The announcement of closing my blog at weblogs.goshaky.com and posting new blog entries either here or at dev.day.com has invited a number of comments. As I expected, my "personal blogging is dead" remark caused a backslash, on the one hand from Tom Johnson, who writes about the constrains a blogger has to face that moves from personal blogging to corporate blogging. And on the other hand from Irina Guseva, who has been questioning my assessment both in the CMSWire article on our CQ Social Collaboration 5.2 launch and on twitter.
Ironically, the most commented article regarding the Day CQ 5.2 launch is on
Irina's personal blog, whereas I would have expected the discussion to take place at a more frequently visited professional blog like the CMSWire blog.
Does this show that I am completely wrong, and that personal blogging is not dead, but what we see are the best days of personal blogging? Or is personal blogging '
undead' - it is still moving and causing disruption, but desperately looking for outside inspiration, for 'brains'?
If this is the case, then the 'brains' that undead personal blogs are looking for can be found at Twitter. The microblogging service is fueling discussions, is driving blog traffic and is in many regards a much faster medium than blogging, which already had a disruptive speed compared to traditional online media (which in turn had a disruptive speed compared to print, radio and TV). Not only is microblogging faster, it is also more connected. With Twitter you know who is following you, whereas a blog author never knows who his readers are or if the bloggers that are being linked in a post are actually reading it. Trackback as a technology that allowed to close this feedback loop is nearly irrelevant now, because the mechanism that keeps the Blogosphere together is no longer a technical attribute of blogging, but a new category - microblogging.

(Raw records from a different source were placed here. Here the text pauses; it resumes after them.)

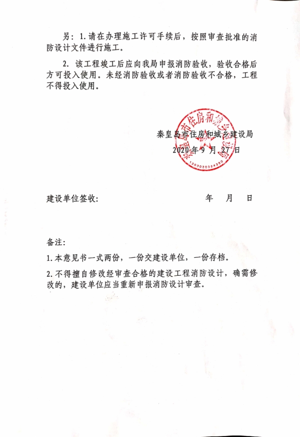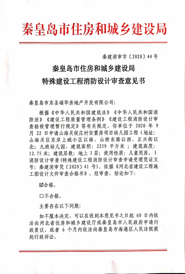 秦建消审字〔2020〕44号特殊建设工程消防设计审查意见书(山海关侯庄村安置房项目幼儿园)
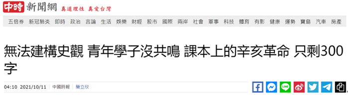台湾“中时新闻网”消息,在“去中国化”氛围下,很多青年学子只把“双十”当作“生日”,甚至和台湾光复节混为一谈,浑然忘了这一天是辛亥革命110周年。台湾嘉义大学教授吴昆财表示,60年前初中历史课本中有多达6000字叙述辛亥革命,现在仅300多字,比一则新闻简讯还短,没有历史脉络,人物也只剩一个孙中山,“如此简略、模糊的文本叫青年学子如何掌握史实,进而评论革命的意义?”
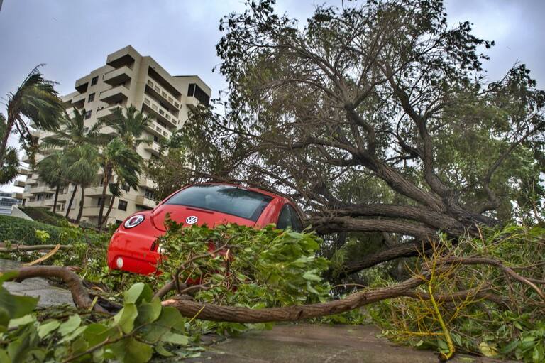 Árbol caído sobre un automóvil durante el paso del huracán Irma por Miami Beach, Florida
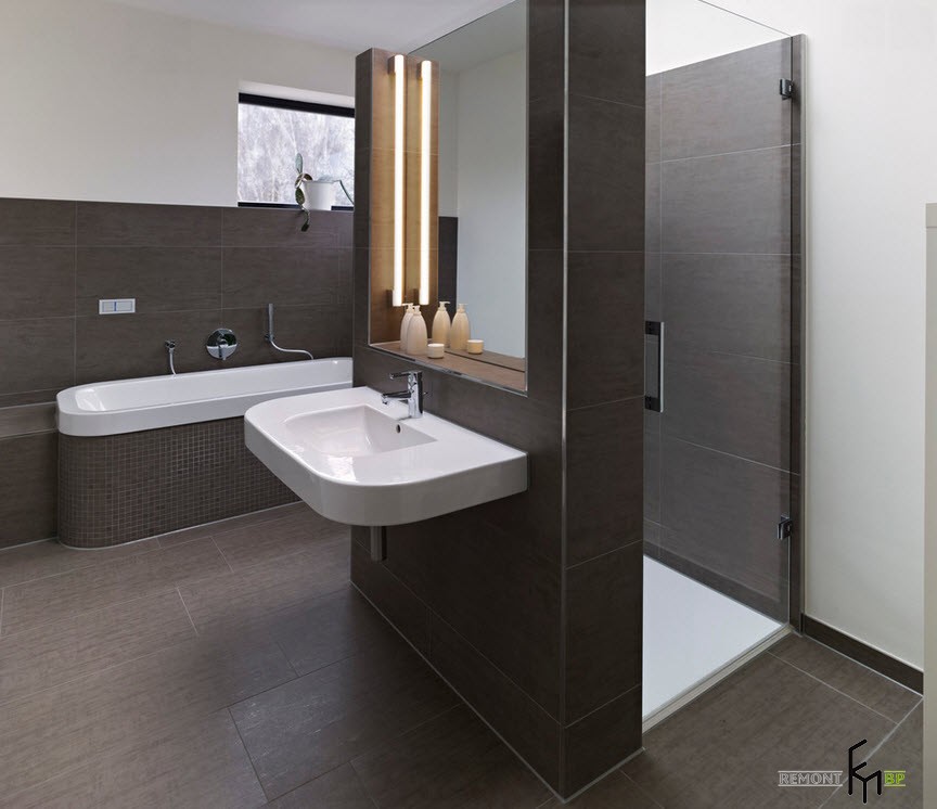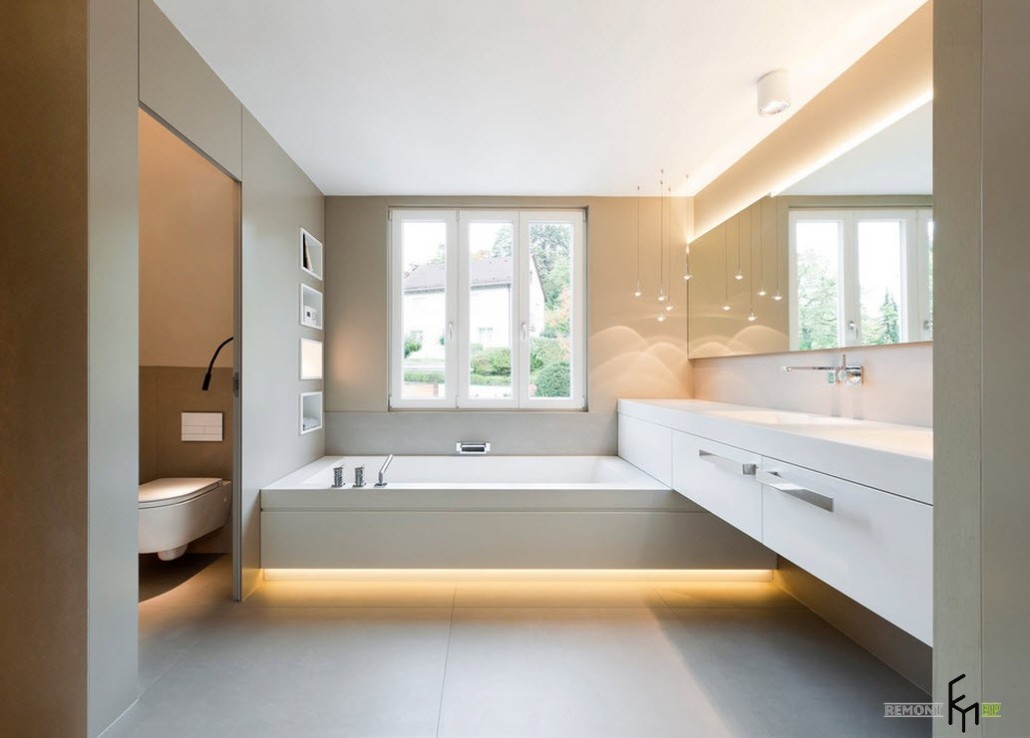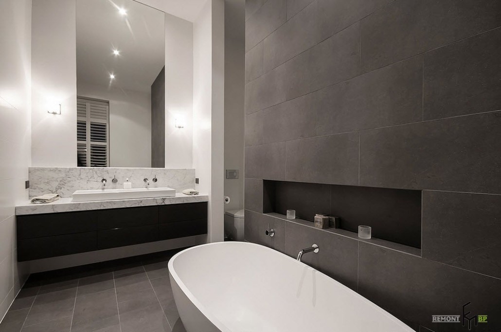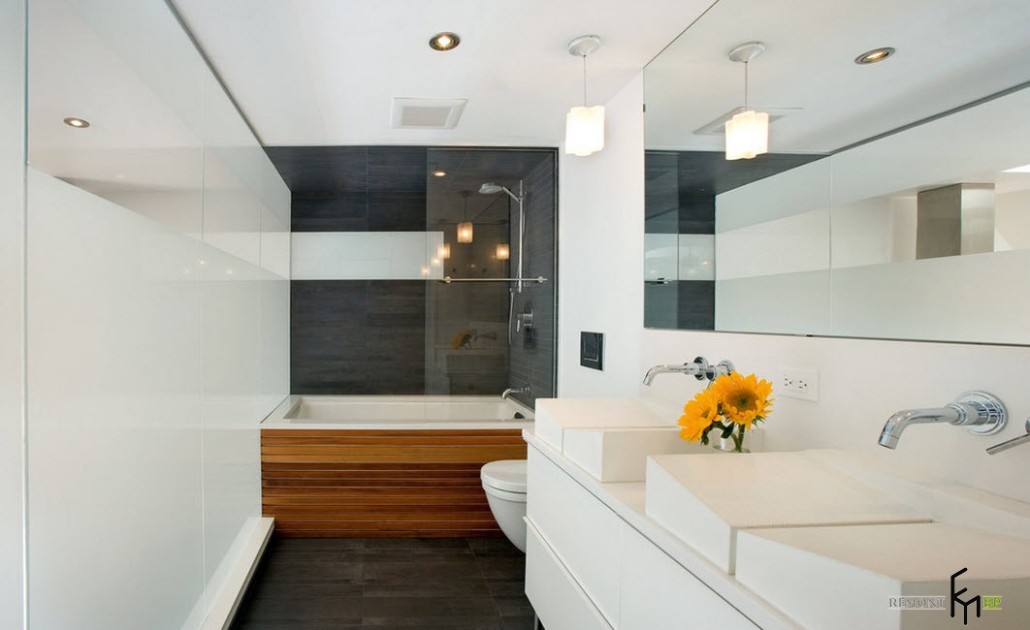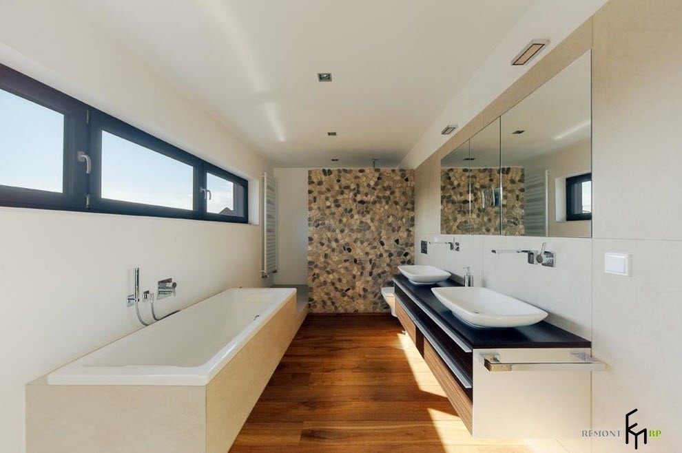 Следующей особенностью ванной сегодня является то, что конструктивно она будет встроена в, своего рода, подиум, при этом, «конструкция» может занимать большую часть или даже всю длину стены.
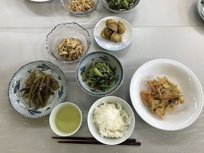 郷土食料理教室は、前津江町赤石の梶原三代さんに指導いただき、里芋の煮びたし、鶏むね肉の酢和え、野菜のかき揚げ、フキ炒め、からし菜の酢味噌和えなど地元で採れた野菜を食材に料理しました。柚子胡椒の製造・販売をしている梶原さん。今回の料理にも柚子胡椒が多く使われ、かき揚げの衣にも柚子胡椒を入れるなど、柚子胡椒の幅の広さを学ぶことができました。
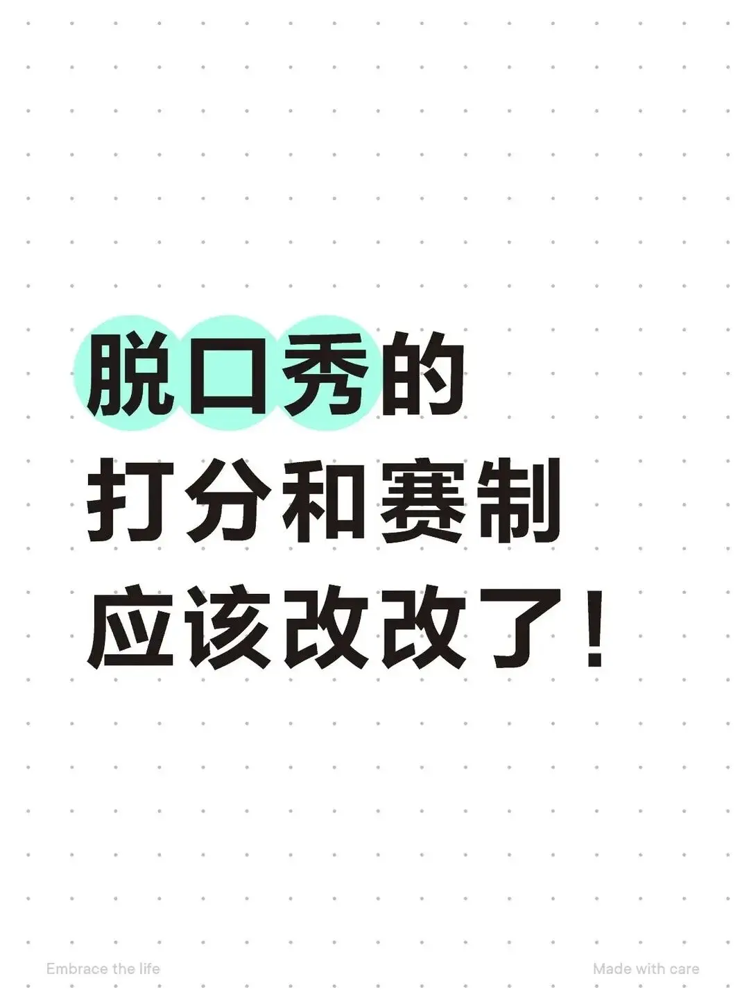 除了内容,赛制想象也成为不雅众盘问的焦点。
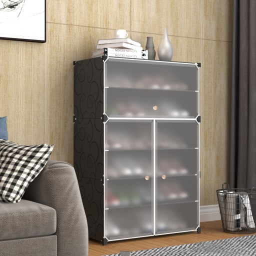 Czarna szafka modułowa regał na buty, 24 pary butów, łazienka, garaż, pokój
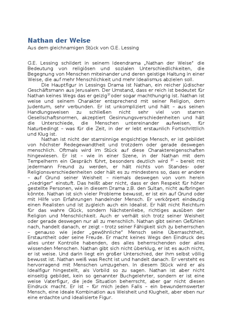 Charakterisierung Nathans als der Hauptfigur in "Nathan der Weise" Lessing, Nathan, kritische Charakteristik. Lessing, "Nathan der Weise" - literarische Charakteristik der Titelfigur. Es gibt viele Möglichkeiten, einen literarischen Text zu analysieren.
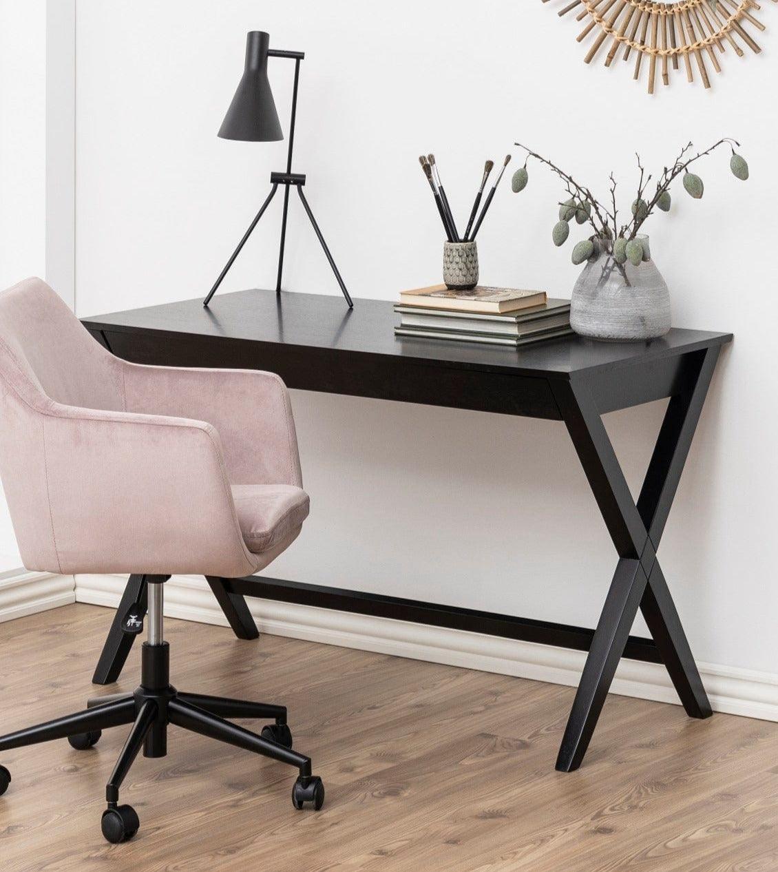 Nora's office chair dirty pink with a black base

Stefano Mazzocchi thinks that Twitter is like sending an instant message to the world, and personal blogging is sending an email to the world, and I agree very much. This means with Twitter becoming the motor of discussions (another case of this pattern is the
CMS Vendor Meme) in the Blogosphere (it is obviously to limited for providing all the content) we have a situation that would be similar to sending an email and then sending a second instant message to alert the recipient of the email of the fact that there is an email and to incite a discussion.